三日后,南京城外。
长江浩浩荡荡,奔腾东去。
朝阳初升,将江面染上一层碎金。
码头上,旌旗招展,五百精骑肃然列队,人马皆静默无声。
唯闻江风猎猎,甲叶轻响。
这些骑兵皆是从武昌血战中挑选出的悍卒,历经战阵,煞气内敛,是真正的百战精锐。
他们披挂整齐,腰佩长刀,背负强弓,目光锐利如鹰,静静等候着他们的统帅。
我披着一件玄色披风,内衬软甲,脸色仍有些苍白。
但眼神已恢复沉静。
伤势在仙印残留气息和珍贵药材的调理下好了小半,勉强能骑马。
但与人动手是别想了。
不过,此行回南京,本也不是为了厮杀。
柱子牵来我的战马,低声道:
“大帅,都安排妥了。
王将军已按计行事,武昌及湖广各处要害,皆已换上咱们的人。
南京那边,咱们的人昨日已连夜入城。
各处关节都打了招呼,只等大帅回去。
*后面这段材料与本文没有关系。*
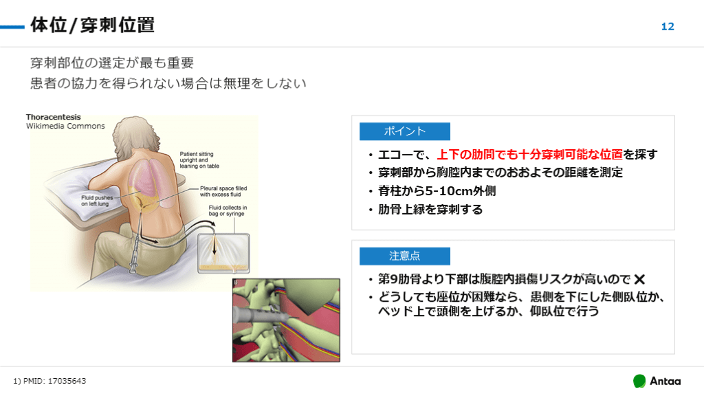 どうしても座位が困難なら、患側を下にした側臥位か、ベッド上で頭側を上げるか、仰臥位で行う 注意点 Thoracentesis

”
我点点头,翻身上马。
动作牵动内腑,又是一阵隐痛,但被我强压下去。
我的目光扫过这五百铁骑,沉声道:
“此行回京,名为述职,实为清君侧。
朝中有人勾结外寇,图谋不轨,祸乱朝纲。
陛下年幼,受奸佞蒙蔽。
我等身为臣子,当为陛下除此大患,还朝堂以清明,安天下以太平!”
“清君侧!除奸佞!安天下!”
五百骑兵齐声低吼,声音虽不响亮,却凝聚着一股铁血肃杀之气,直冲云霄。
“出发!”
马蹄踏碎晨雾,五百骑如一道黑色铁流,离开武昌码头,沿着官道,向南京方向疾驰而去。
沿途百姓远远避让,望着这支沉默而肃杀的队伍,议论纷纷。